My question for piping was more to see I wasn't crazy in terms of oversizng and cost as well.

I was planning to put 1" laterals and 0.75"riser pipes to mitigate any resistance issues. The 1" pipe is costing me $50 for 100'.


----------



## burntfire

uts said:


> burntfire said:
> 
> 
> 
> Sorry I missed this post @uts
> 
> Running 360 i20s is really going to depend on the nozzles... you're not going to be able to run many of them with 10 GPM available.
> 
> I like to run my laterals in 1" and risers in the inlet size; mostly 1/2".
> 
> I would really need to see a layout.
> 
> 
> 
> Thank you for this. The area is a big rectangle. The width is about 120' so I plan to run 5 rotors in one zone, with the first and last being 180deg. So only 3 will be 360. I am comfortable with the nozzle chart and the outputs (I think) so my plan was to put a size 1 in the corners, size 2 in th middle and a 3 on the 2 sides. *This helps with minimizing wet spots with overlaps sometimes (or a combination of this). So this should keep me with in the GPM.*
> 
> My question for piping was more to see I wasn't crazy in terms of oversizng and cost as well.
> 
> I was planning to put 1" laterals and 0.75"riser pipes to mitigate any resistance issues. The 1" pipe is costing me $50 for 100'.
Click to expand...

So this isn't how you design a system. You want overlap as that's the fundamentals of irrigation design. What you're doing is simply getting the turf wet and not actually irrigating it.

At this point I would suggest sending in your layout to Rain Bird or a local designer to come up with a system.

120' area is going to require a LOT more sprays and zones.

Off the top of my head I would suspect at least 10 - 13 rotors and 3 zones.

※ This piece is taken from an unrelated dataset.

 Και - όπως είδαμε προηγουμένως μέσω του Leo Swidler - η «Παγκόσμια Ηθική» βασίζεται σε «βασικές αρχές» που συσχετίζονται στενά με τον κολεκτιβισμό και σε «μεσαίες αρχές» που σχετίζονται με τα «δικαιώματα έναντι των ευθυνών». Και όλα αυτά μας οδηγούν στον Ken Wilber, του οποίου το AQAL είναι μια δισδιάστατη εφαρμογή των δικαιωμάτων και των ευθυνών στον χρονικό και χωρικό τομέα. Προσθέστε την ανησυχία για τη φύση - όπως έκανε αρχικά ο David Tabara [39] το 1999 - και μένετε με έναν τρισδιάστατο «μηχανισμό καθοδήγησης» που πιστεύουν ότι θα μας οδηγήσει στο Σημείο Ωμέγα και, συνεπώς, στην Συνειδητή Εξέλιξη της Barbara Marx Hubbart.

Side note, don't size systems based off maximum available GPM... you always want a buffer of 10-20%... at least I do.


----------



## uts

@burntfire I think I didnt explain my setup I guess. Attached is a picture. The blue lines are my existing irrigation.

I'm clearing the trees and will be adding the new zones, red lines. The new area is in orange. Zones are spaced 30ft apart currently and that's what I will continue to do so.


----------



## bernstem

Irrigating a 120x120 foot space with heads that throw 30 feet would need 25 rotors in 5 rows of 5 heads. 
Irrigating a 90 x120 foot space would need 5 rows of 4 heads = 20 heads total.

Assuming you are 90x120 feet, you are going to be at 5+ zones for the system with 10GPM.


----------